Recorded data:
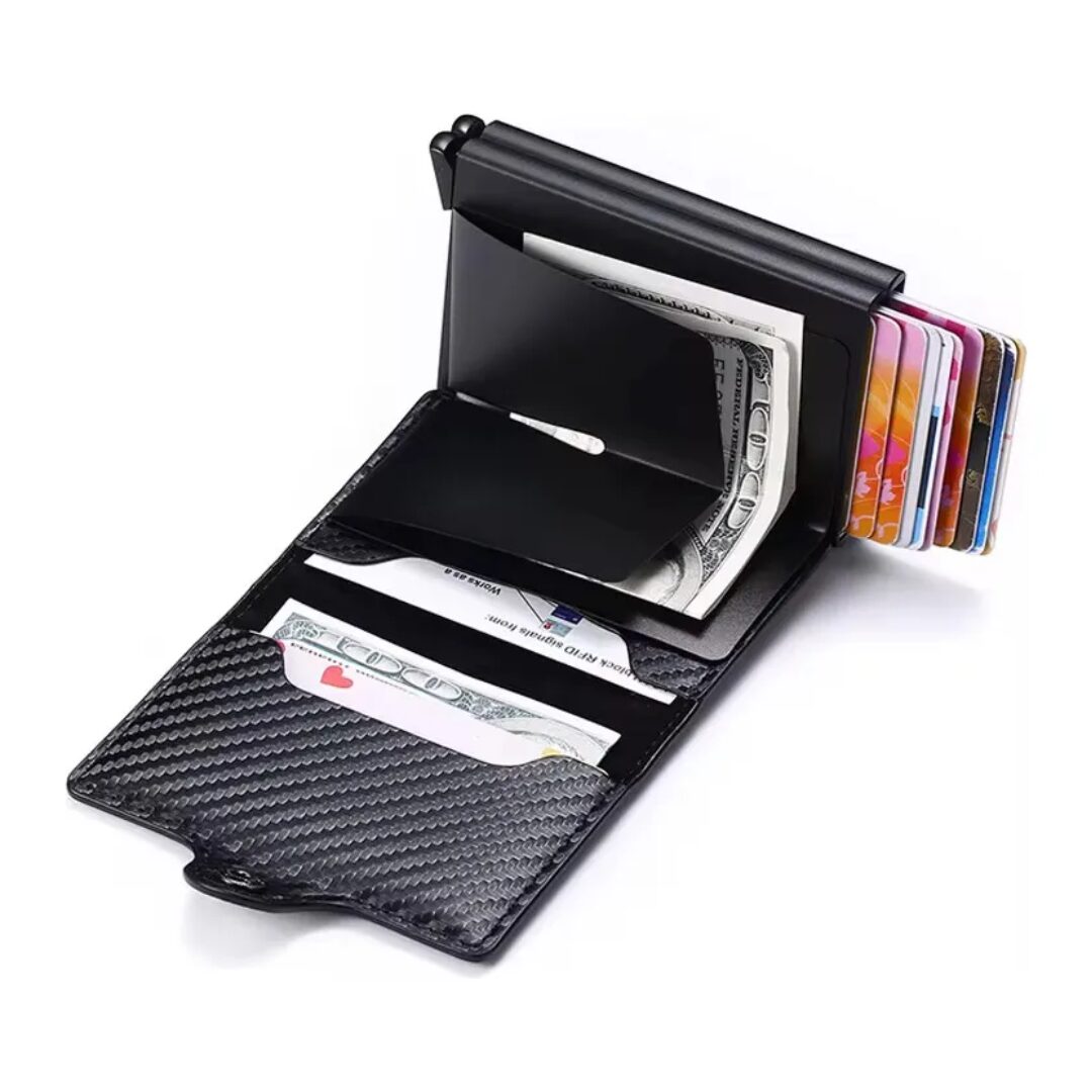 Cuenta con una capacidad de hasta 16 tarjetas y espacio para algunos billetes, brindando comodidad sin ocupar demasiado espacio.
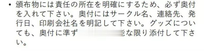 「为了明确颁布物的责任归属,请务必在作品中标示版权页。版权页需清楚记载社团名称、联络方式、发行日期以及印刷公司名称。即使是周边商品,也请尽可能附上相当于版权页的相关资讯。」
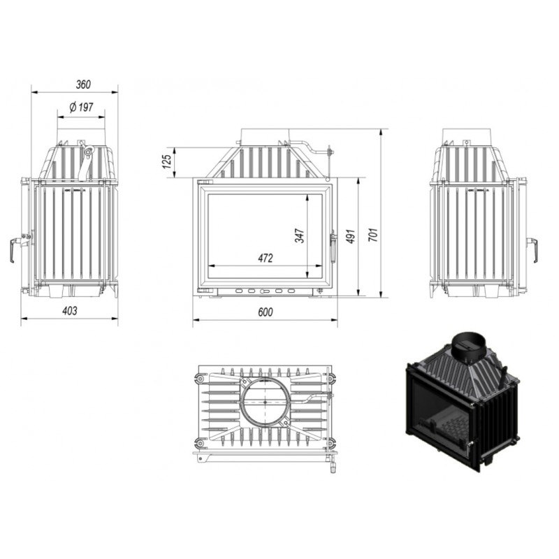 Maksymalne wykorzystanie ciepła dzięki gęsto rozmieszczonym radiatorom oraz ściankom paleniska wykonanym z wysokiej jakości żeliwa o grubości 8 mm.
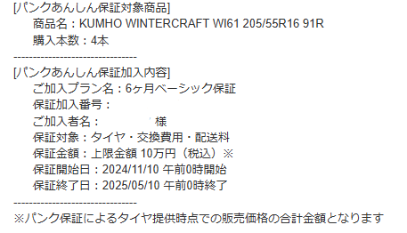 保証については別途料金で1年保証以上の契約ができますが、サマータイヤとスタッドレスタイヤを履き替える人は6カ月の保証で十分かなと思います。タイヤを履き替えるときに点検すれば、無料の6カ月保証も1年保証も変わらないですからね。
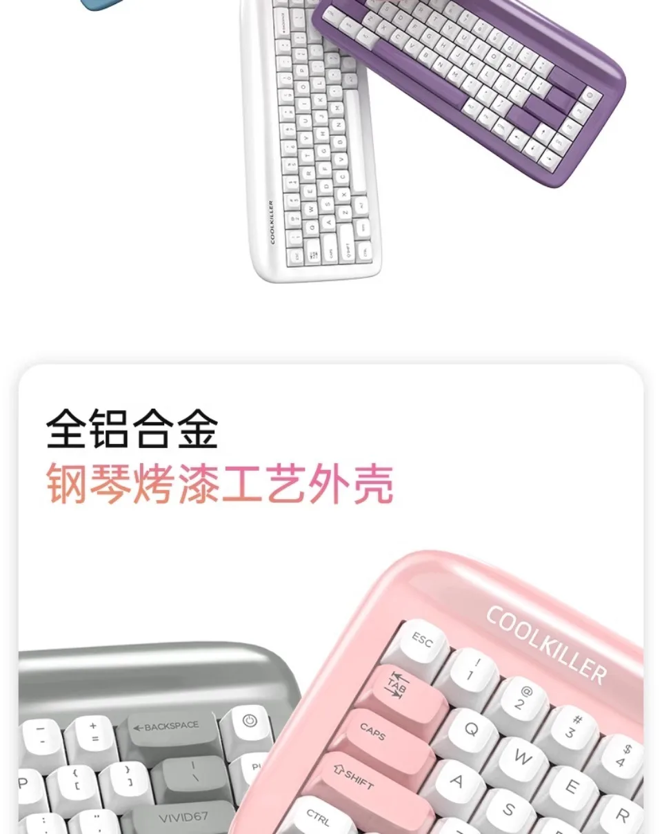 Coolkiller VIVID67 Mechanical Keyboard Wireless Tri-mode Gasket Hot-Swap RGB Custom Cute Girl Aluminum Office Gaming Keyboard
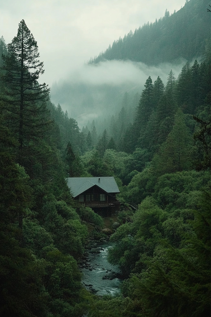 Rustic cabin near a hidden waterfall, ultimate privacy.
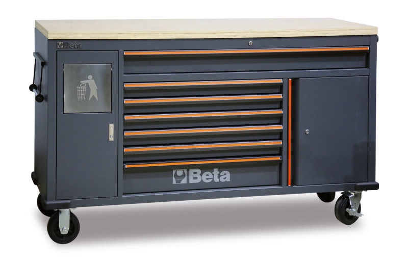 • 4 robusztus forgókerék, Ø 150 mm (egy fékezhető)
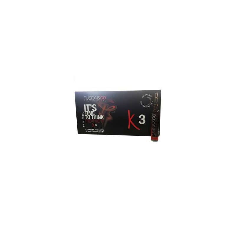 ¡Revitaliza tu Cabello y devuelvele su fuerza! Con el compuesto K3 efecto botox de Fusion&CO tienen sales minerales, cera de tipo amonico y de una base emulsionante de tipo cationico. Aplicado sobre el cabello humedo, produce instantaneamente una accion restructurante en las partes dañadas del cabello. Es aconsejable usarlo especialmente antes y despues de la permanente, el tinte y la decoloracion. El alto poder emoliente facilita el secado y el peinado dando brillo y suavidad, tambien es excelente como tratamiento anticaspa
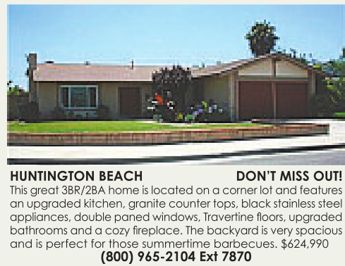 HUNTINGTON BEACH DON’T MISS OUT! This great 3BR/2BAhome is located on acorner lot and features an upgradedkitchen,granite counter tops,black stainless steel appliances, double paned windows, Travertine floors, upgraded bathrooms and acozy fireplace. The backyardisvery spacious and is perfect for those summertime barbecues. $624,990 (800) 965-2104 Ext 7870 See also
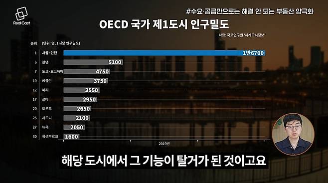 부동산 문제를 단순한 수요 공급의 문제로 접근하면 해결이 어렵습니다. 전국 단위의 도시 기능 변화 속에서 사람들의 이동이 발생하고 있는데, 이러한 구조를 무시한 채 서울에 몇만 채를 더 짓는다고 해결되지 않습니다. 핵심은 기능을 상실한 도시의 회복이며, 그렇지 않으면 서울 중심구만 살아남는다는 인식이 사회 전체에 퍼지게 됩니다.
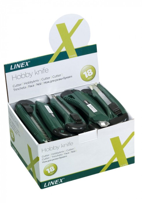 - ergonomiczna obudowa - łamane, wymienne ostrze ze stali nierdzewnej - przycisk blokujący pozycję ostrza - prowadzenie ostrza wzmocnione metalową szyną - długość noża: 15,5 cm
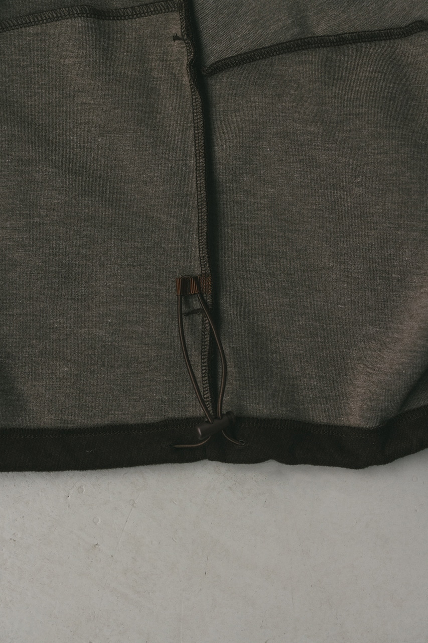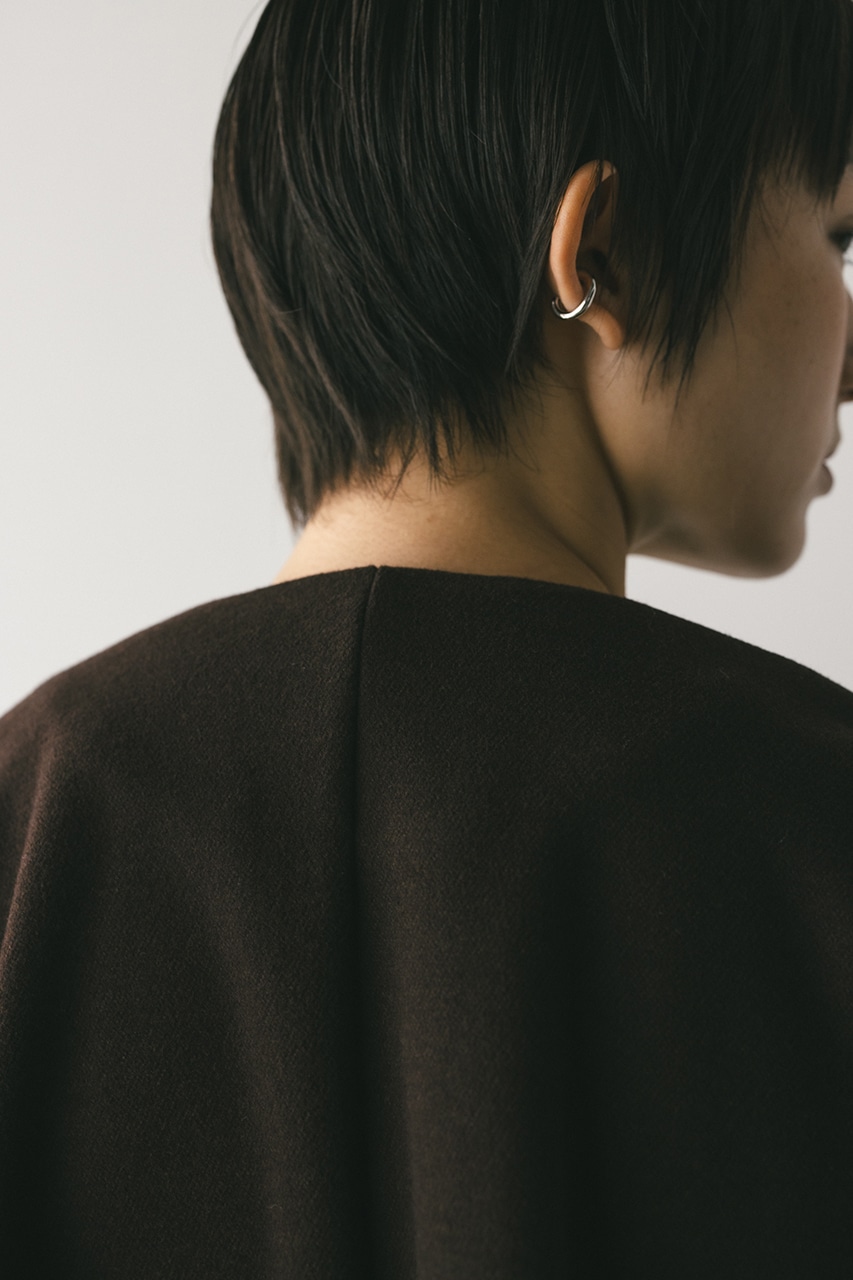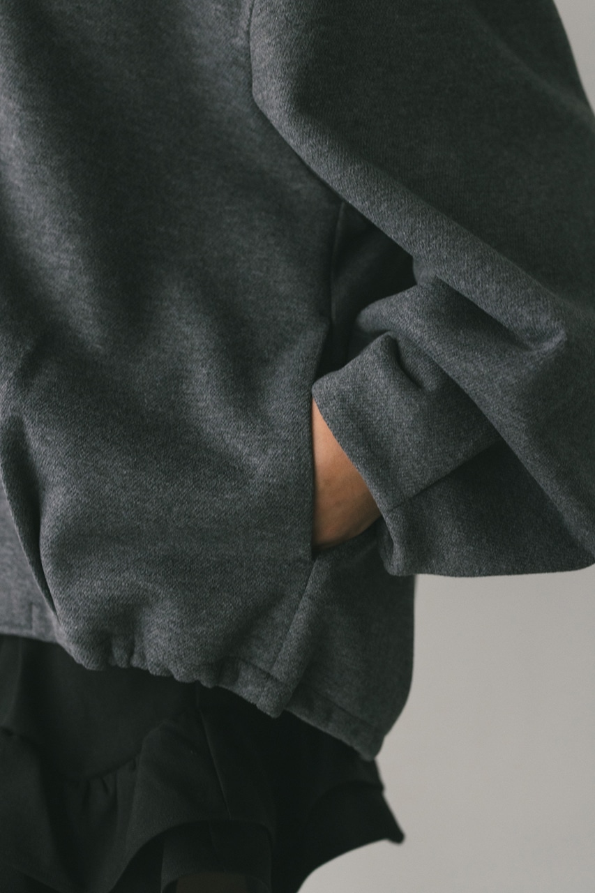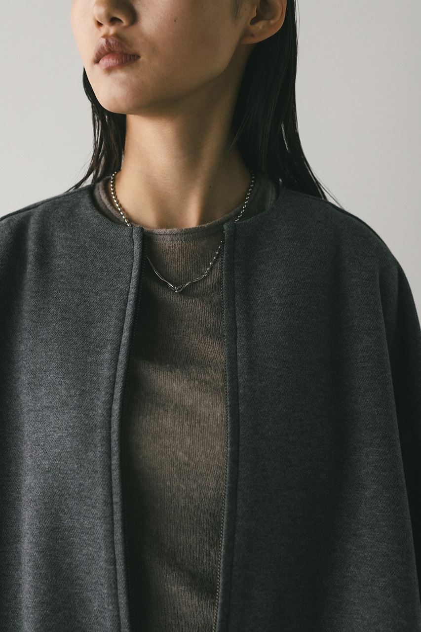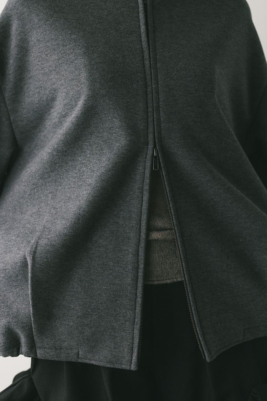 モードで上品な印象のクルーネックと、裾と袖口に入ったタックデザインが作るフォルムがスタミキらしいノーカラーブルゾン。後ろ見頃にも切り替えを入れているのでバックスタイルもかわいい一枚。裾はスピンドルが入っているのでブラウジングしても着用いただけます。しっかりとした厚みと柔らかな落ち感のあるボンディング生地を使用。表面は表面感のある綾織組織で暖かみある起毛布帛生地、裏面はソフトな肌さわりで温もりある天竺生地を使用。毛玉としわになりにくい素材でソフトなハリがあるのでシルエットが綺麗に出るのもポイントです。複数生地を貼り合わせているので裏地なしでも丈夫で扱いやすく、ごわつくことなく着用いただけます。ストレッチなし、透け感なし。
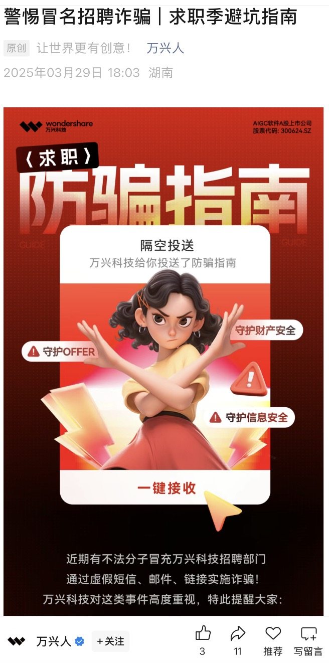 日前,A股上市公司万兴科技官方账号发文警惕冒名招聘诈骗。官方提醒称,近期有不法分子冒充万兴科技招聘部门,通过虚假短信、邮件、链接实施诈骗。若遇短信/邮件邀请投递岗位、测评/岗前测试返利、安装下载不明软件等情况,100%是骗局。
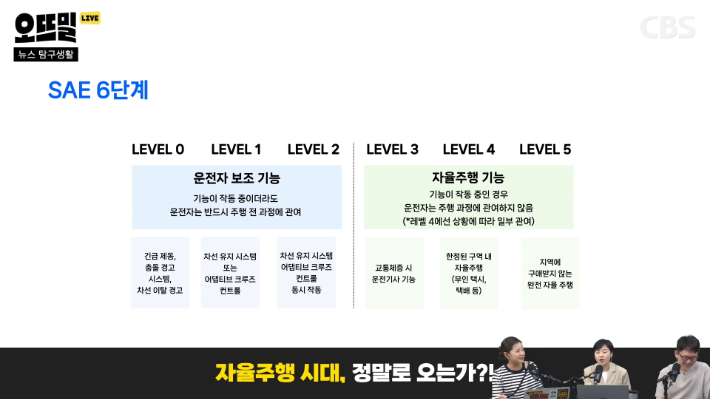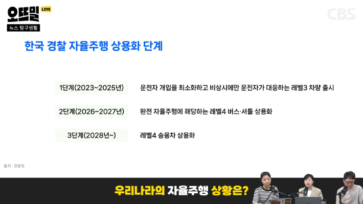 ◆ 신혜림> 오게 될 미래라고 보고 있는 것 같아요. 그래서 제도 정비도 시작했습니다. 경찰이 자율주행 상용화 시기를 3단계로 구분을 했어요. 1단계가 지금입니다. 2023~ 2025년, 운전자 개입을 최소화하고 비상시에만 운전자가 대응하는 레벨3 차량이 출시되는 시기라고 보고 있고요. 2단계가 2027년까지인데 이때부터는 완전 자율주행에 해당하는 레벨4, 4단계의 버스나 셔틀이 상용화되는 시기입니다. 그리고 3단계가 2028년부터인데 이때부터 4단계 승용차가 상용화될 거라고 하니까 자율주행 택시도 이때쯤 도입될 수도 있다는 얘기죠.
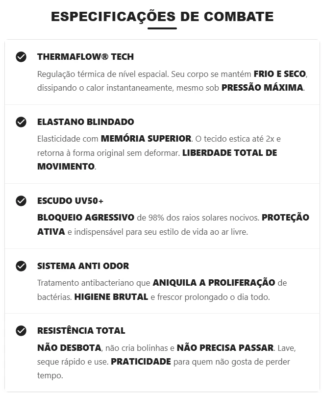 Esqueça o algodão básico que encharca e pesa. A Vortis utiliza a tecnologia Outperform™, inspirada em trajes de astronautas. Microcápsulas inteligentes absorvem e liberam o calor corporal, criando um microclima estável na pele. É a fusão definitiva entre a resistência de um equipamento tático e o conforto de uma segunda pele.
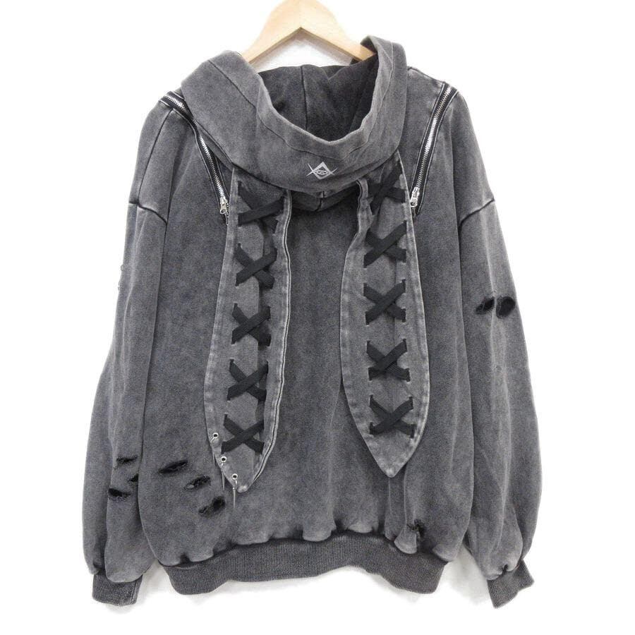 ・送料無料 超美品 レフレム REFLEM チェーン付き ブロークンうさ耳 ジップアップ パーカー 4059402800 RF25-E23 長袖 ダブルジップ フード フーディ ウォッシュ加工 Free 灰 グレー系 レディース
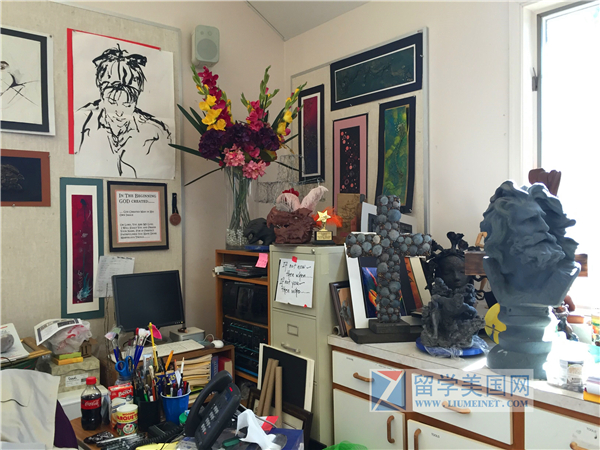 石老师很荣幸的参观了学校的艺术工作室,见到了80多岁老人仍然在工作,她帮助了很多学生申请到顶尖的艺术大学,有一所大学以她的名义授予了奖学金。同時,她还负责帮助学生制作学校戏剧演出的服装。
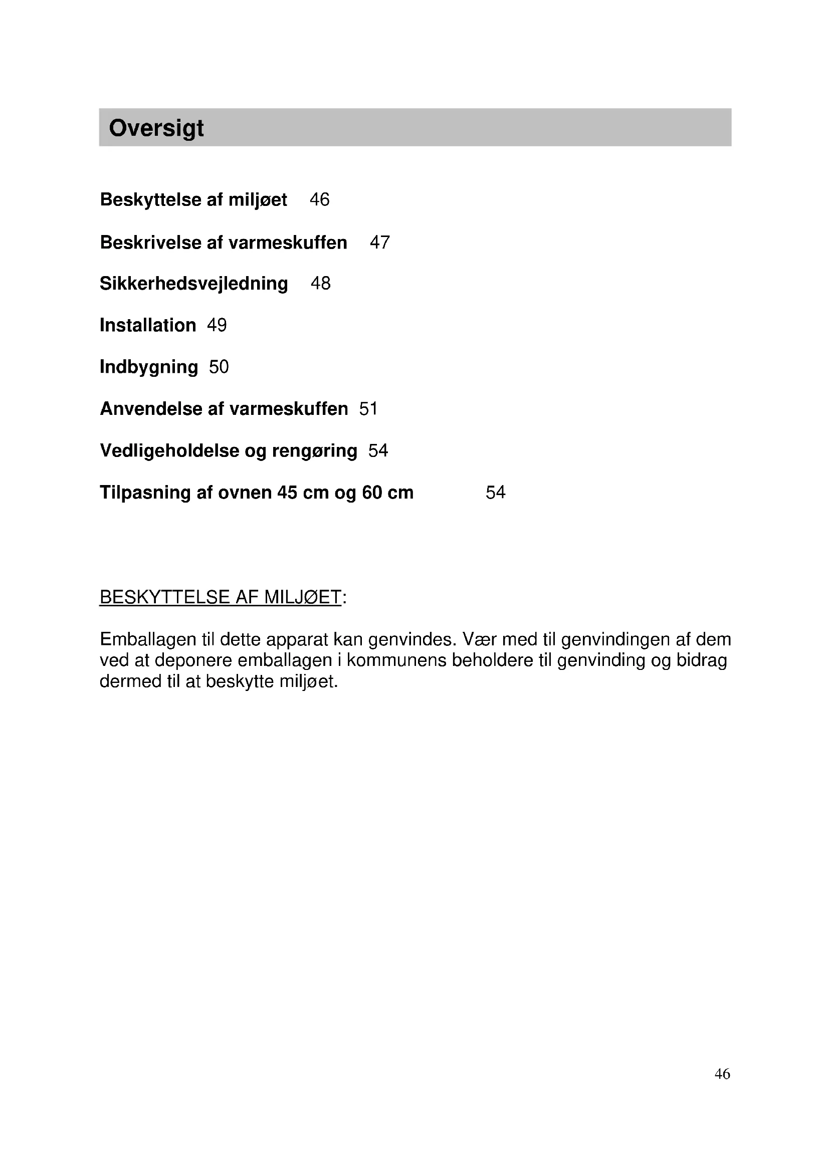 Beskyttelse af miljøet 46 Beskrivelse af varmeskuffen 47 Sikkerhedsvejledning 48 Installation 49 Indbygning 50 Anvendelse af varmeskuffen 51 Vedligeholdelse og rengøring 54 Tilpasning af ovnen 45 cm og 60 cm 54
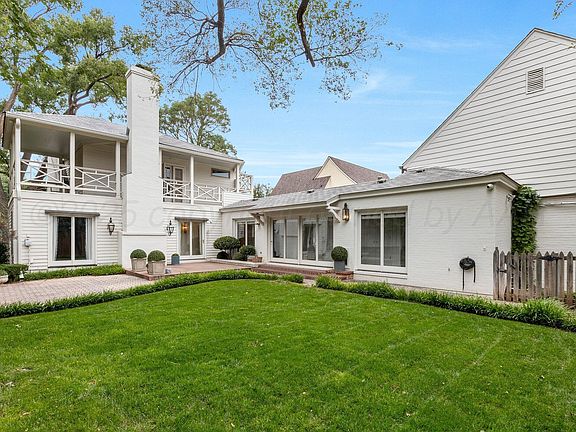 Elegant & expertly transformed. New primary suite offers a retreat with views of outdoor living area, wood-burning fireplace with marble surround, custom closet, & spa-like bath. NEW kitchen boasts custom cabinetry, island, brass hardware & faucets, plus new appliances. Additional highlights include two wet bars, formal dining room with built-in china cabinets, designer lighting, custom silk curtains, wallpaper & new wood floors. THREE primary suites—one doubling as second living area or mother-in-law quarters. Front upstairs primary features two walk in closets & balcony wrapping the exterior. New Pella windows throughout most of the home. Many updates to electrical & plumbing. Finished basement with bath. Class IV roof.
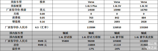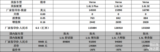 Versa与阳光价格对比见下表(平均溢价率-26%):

ABOUT THIS EXERCISE:
The response should hold only an exact retyping of the lines from the beginning of the data through the line containing "Maksymalne wykorzystanie ciepła", both ends kept, pictures omitted.

ANSWER TO THE EXERCISE:
 Cuenta con una capacidad de hasta 16 tarjetas y espacio para algunos billetes, brindando comodidad sin ocupar demasiado espacio.
 「为了明确颁布物的责任归属,请务必在作品中标示版权页。版权页需清楚记载社团名称、联络方式、发行日期以及印刷公司名称。即使是周边商品,也请尽可能附上相当于版权页的相关资讯。」
 Maksymalne wykorzystanie ciepła dzięki gęsto rozmieszczonym radiatorom oraz ściankom paleniska wykonanym z wysokiej jakości żeliwa o grubości 8 mm.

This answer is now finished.